A inquietação social aumenta à medida que o dia da gala literária se aproxima. O assistente do governador, sob a falsa impressão de que Stepan Trofímovitch é a fonte do problema, ordena uma invasão à sua residência. Profundamente chocado, Stiepan Trofímovitch dirige-se ao governador para reclamar. Ele chega enquanto um grande grupo de trabalhadores da fábrica de Spigulin faz um protesto sobre as condições de trabalho e pagamento. Já em um estado de espírito precário, Andrey Antonovich responde a ambos os problemas de uma maneira um tanto autoritária demente. Julia Mikhaylovna e seu séquito, entre os quais Varvara Petrovna e Liza, voltam de uma visita a Skvoreshniki e o governador é ainda mais humilhado por uma afronta pública de sua esposa. Enquanto Julia Mikhaylovna se envolve de forma encantadora com Stiepan Trofímovitch e o "grande escritor" Karmazinov, que vão ler no baile de gala amanhã, Piotr Stiepánovitch entra. Ao vê-lo, Andrey Antonovich começa a dar sinais de perturbação. Mas a atenção é imediatamente desviada para um novo drama: Stavróguin entra na sala e é abordado por Liza. Em voz alta, ela reclama do assédio de um certo capitão Lebyadkin, que se descreve como parente de Stavróguin, irmão de sua esposa. Stavróguin responde calmamente que Marya (nascida Lebyadkina) é de fato sua esposa, e que ele fará com que o capitão não cause mais problemas a ela. Varvara Petrovna fica horrorizado, mas Stavróguin simplesmente sorri e sai. Liza o segue.

Parte III

A tão alardeada matinê literária e baile acontece no dia seguinte. A maior parte da cidade se inscreveu e todas as pessoas influentes estão presentes para a leitura, com exceção dos Stavróguin. Julia Mikhaylovna, que de alguma forma conseguiu reconciliar Andrey Antonovich, está no auge de sua ambição. Mas as coisas dão errado desde o início. Os associados de Piotr Stepanovich, Lyamshin e Liputin, aproveitam-se de seu papel de administradores para alterar os procedimentos de maneira provocativa e permitir que muitos tipos inferiores entrem sem pagar. A leitura começa com a aparição não programada no palco de um capitão Lebyadkin desesperadamente bêbado, aparentemente com o propósito de ler alguns de seus poemas.
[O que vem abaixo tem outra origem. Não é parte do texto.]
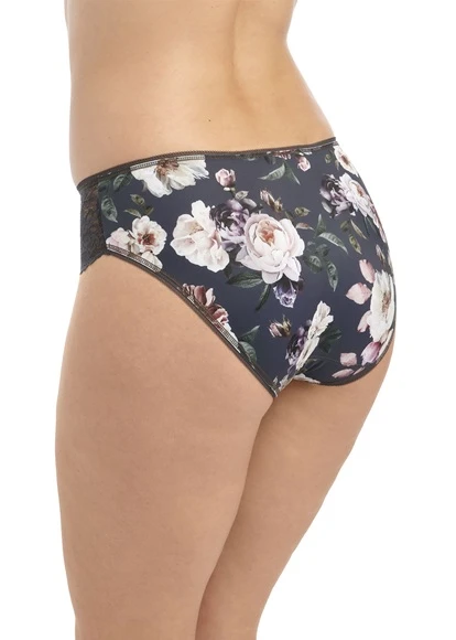The Pippa Brief from Fantasie in Slate Grey isĀ adorned with soft blush pink blossoms against a Slate grey background. This classic brief cut features soft handle fabric trimmed with delicate lace for complete comfort. Co-ordinate with the Fantasie Pippa Full Cup Side Support Bra.

Percebendo que o capitão está bêbado demais, Lipútin se encarrega de ler o poema, que é uma peça estúpida e insultuosa sobre a difícil situação das governantas. Ele é rapidamente seguido pelo gênio literário Karmazinov, que está lendo uma despedida de seu público intitulada " Merci ". Por mais de uma hora, o grande escritor penetra em um fluxo sem rumo de fantasia egocêntrica, levando o público a um estado de total estupefação. A tortura só chega ao fim quando um ouvinte exausto grita inadvertidamente "Senhor, que besteira!" e Karmazinov, após trocar insultos com o público, finalmente fecha com um irônico " Merci, merci, merci ". Nesta atmosfera hostil, Stepan Trofimovich sobe ao palco. Ele mergulha de cabeça em uma exortação apaixonada de seus próprios ideais estéticos, tornando-se cada vez mais estridente à medida que reage ao escárnio que emana do público. Ele termina amaldiçoando-os e fugindo. O pandemônio irrompe quando um terceiro leitor inesperado, um "professor" de Petersburgo, imediatamente entra em cena em seu lugar. Aparentemente encantado com a desordem, o novo orador se lança em um discurso frenético contra a Rússia, gritando com todas as suas forças e gesticulando com o punho. Ele acaba sendo arrastado para fora do palco por seis oficiais, mas de alguma forma consegue escapar e retorna para continuar sua arenga antes de ser arrastado novamente. Apoiadores na platéia correm em seu socorro enquanto uma estudante sobe ao palco tentando despertar os estudantes oprimidos em todos os lugares para protestar.

Na sequência, Piotr Stepanovich (que estava misteriosamente ausente da leitura) tenta persuadir a traumatizada Julia Mikhaylovna de que não foi tão ruim quanto ela pensa e que é essencial para ela ir ao baile. Ele também a informa que a cidade está fervilhando com a notícia de outro escândalo: Lizaveta Nikolaevna deixou a casa e o noivo e partiu para Skvoreshniki com Stavróguin.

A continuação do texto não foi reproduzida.